Full nodes cannot generate data availability proofs for light nodes due to missing block data. Similarly, full nodes cannot generate fraud proofs for invalid blocks, which means light nodes must either verify data availability themselves or assume that most data is honest and trustworthy.

This is why most nodes must download all transaction data and verify the data availability of blocks. However, doing so imposes scalability limitations and issues on network scaling solutions. For instance, as the complexity of verification increases, sharding, rollups, and block sizes will also increase.

So, how do Avail and Celestia address this issue? In fact, they have built a blockchain where on-chain consensus is used solely to verify transaction ordering and data availability, without the need for transaction execution/verification.

To help you better understand this, let's first look at what a conventional blockchain architecture looks like. Generally, a blockchain architecture consists of the following three layers:

1. Execution Layer

2. Consensus Layer

3. Data Availability Layer

For blockchains like Ethereum, which are widely used, these three layers are coupled into a single architecture—the Ethereum Virtual Machine (EVM) is part of the consensus rules and protocol. Projects like Celestia and Avail actually provide a "separate" data availability layer and a consensus layer, allowing different blockchains/transaction execution environments to benefit from them.
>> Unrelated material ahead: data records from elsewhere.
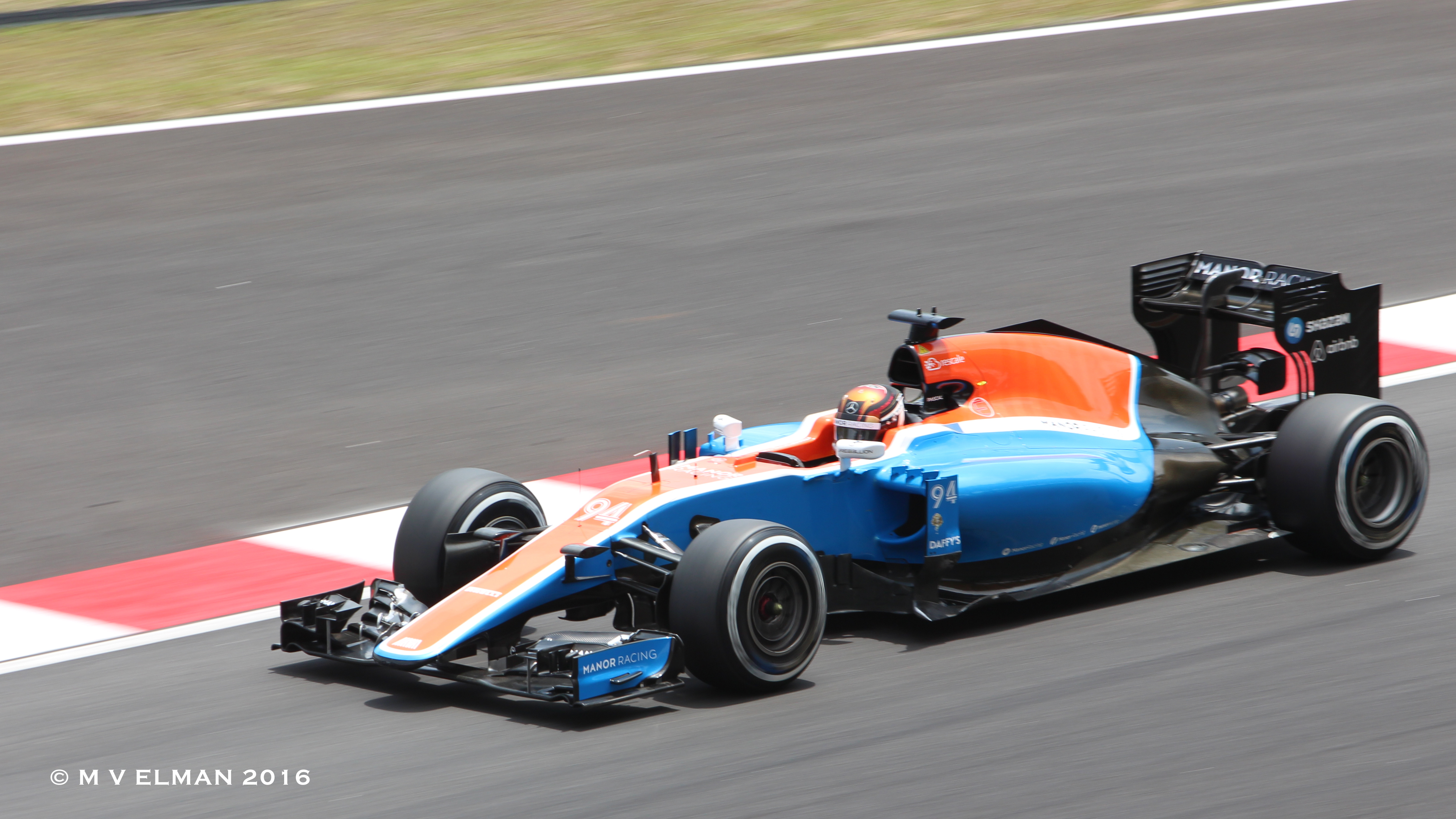 Pascal Wehrlein - Manor Racing Team MRT05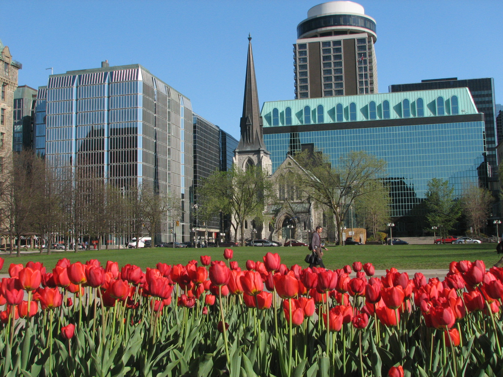 Tulips in downtown Ottawa from the 2006 Tulip Festival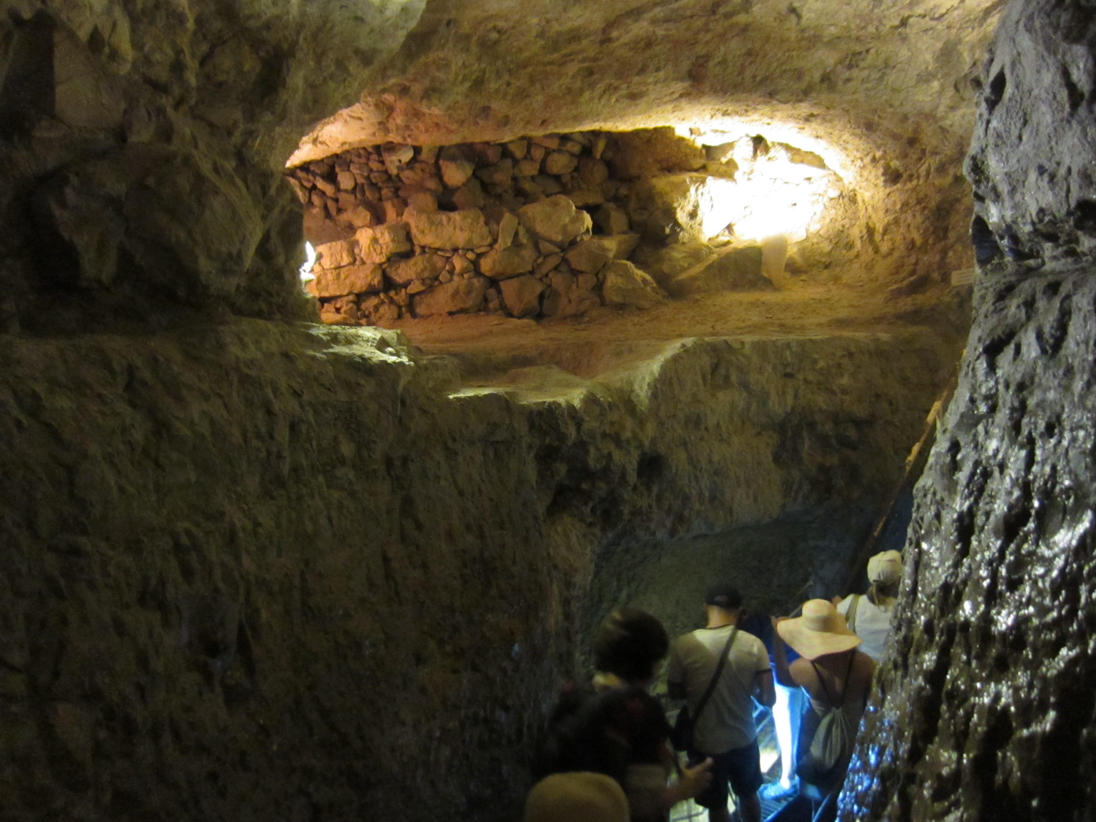 Elef Millim - City of David - JERUSALEM

Celestia and Avail can be used as minimal, pluggable consensus and data availability layers, validating only data availability and transaction ordering, which provides greater flexibility for modular blockchain network architectures.
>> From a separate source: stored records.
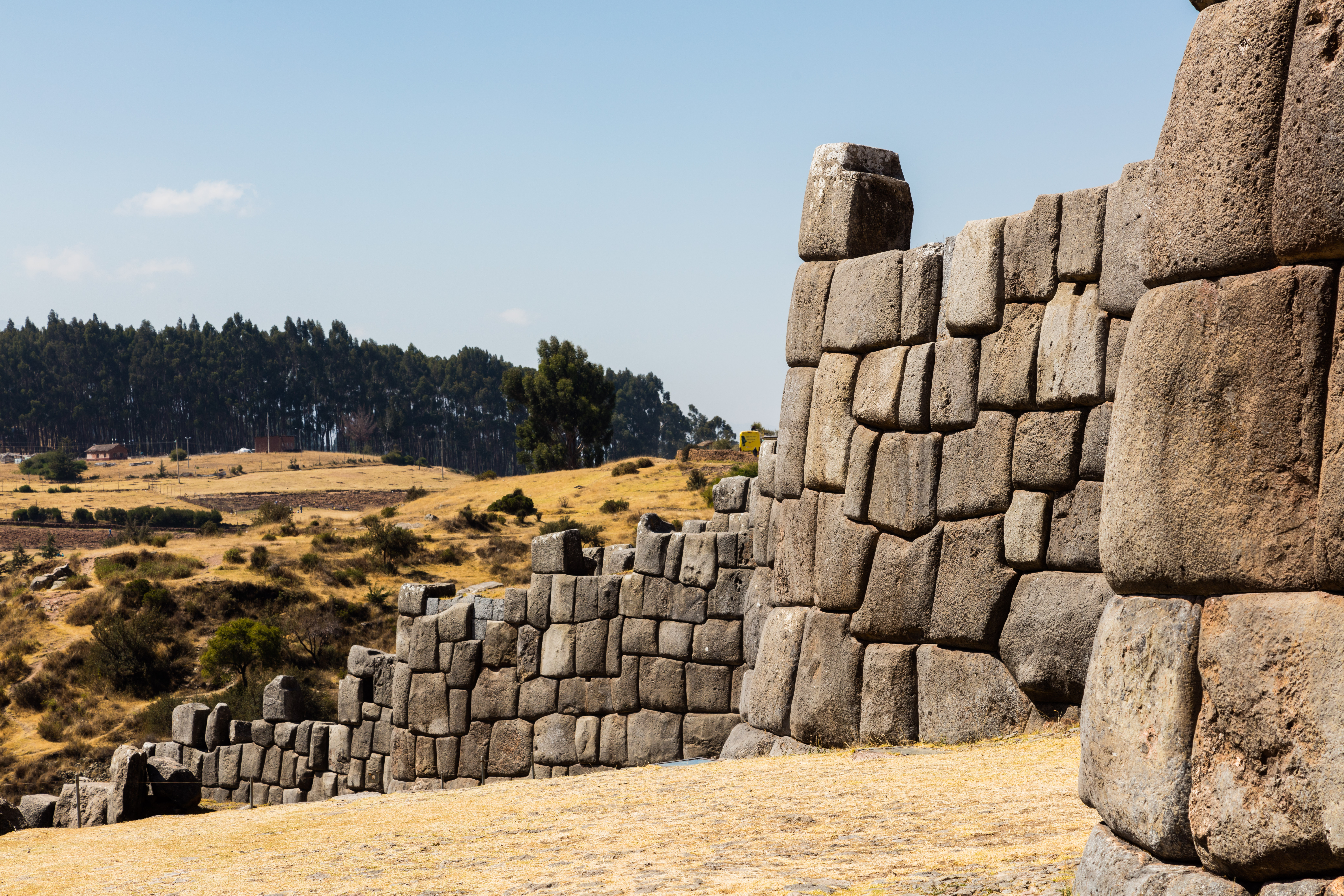 Sacsayhuamán, Cusco, Peru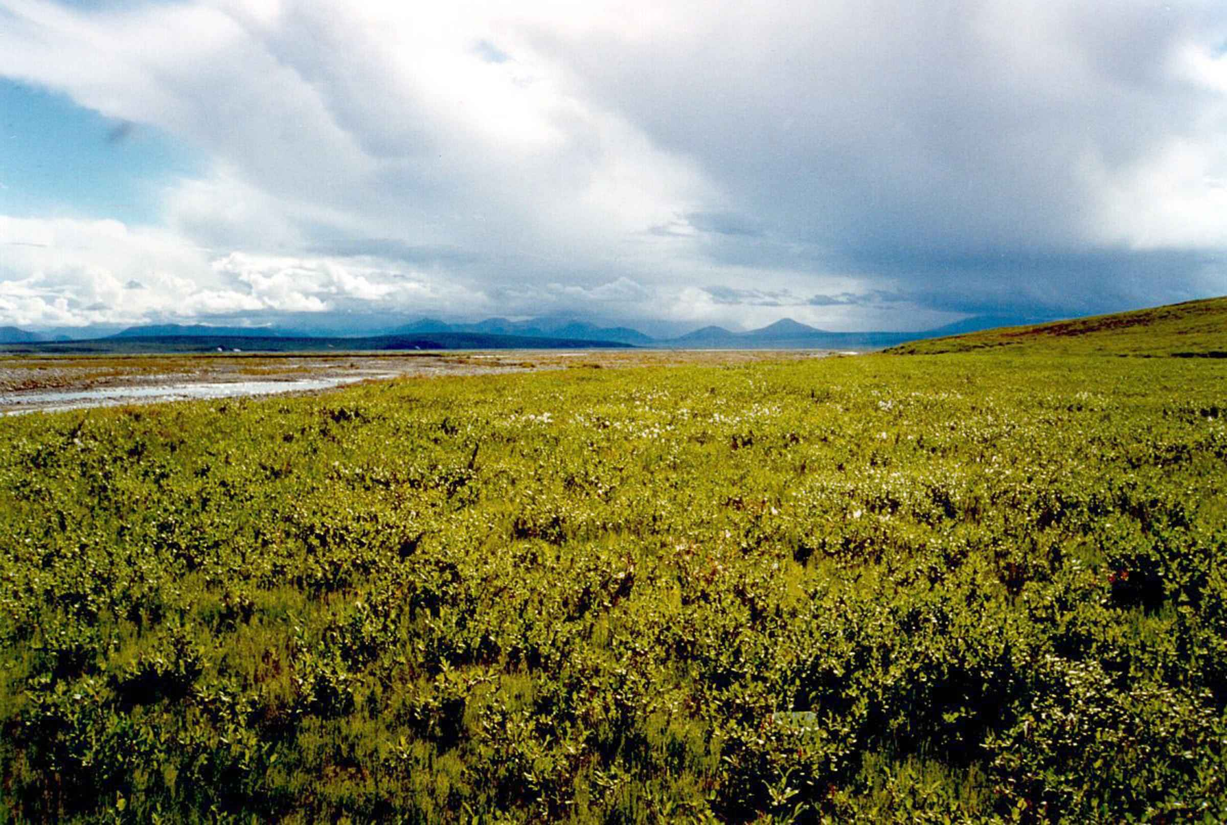 Image title: Tundra Image from Public domain images website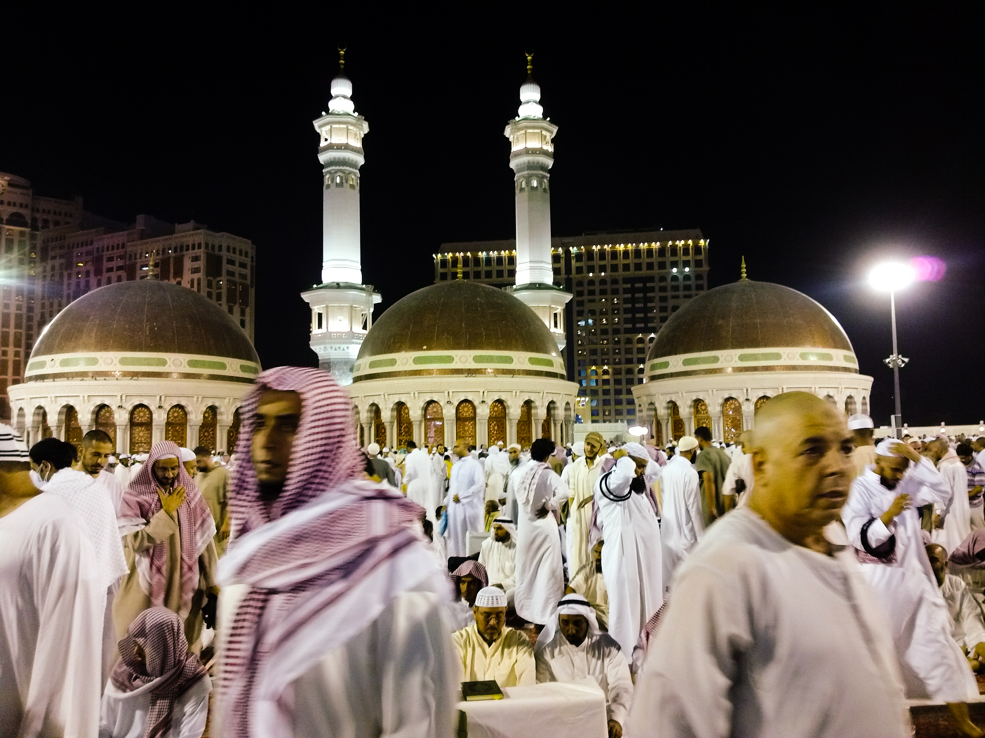 Worshipers mill about after the night Tarawih prayer held during Ramadan on the roof of the Masjid al-Haram in Mecca.

Moreover, separating the data availability layer and consensus layer enhances scalability, as they can efficiently perform DA checks using mathematical data availability proofs. (Note: Celestia uses erasure coding, while Avail uses the KZG commitment scheme.)

In this way, the execution consensus bottleneck can be effectively resolved, as the data availability layer only needs to execute data availability proofs without needing to verify the state and validity of blocks through execution.

More importantly, as a "separate" layer, it means that the execution environment is "sovereign independent." For application-specific blockchains, Celestia and Avail are "pluggable," allowing them to benefit from security without needing to bootstrap their own set of validators/consensus.

In other words, these blockchains can not only scale their networks more easily but also gain the security provided by Celestia/Avail (data availability layer and consensus layer).

However, since the data availability layer and consensus layer do not verify transaction validity, some form of "execution" must be performed to handle transaction execution and verification/dispute resolution. Celestia proposes using Optimistic Rollups as a solution while suggesting adding Rollup support to the Cosmos SDK. Essentially, this solution establishes an execution layer above the data availability layer and consensus layer.

Overall, the "data availability layer and consensus layer" environment is very similar to the future scenario that ETH 2.0 aims to construct. For example, Vitalik Buterin wrote in the rollup-centric Ethereum roadmap: "Everyone can handle a single high-security execution shard and a scalable data availability layer."

If Polygon's new tools can build a reliable execution layer and a stable and convenient execution layer on off-chain scaling solutions, then this scalable data availability layer technology seems very promising.

In conclusion, Avail and Celestia provide a new blockchain architecture that not only allows for modular design but also enables application-specific sovereign chains to benefit from shared security.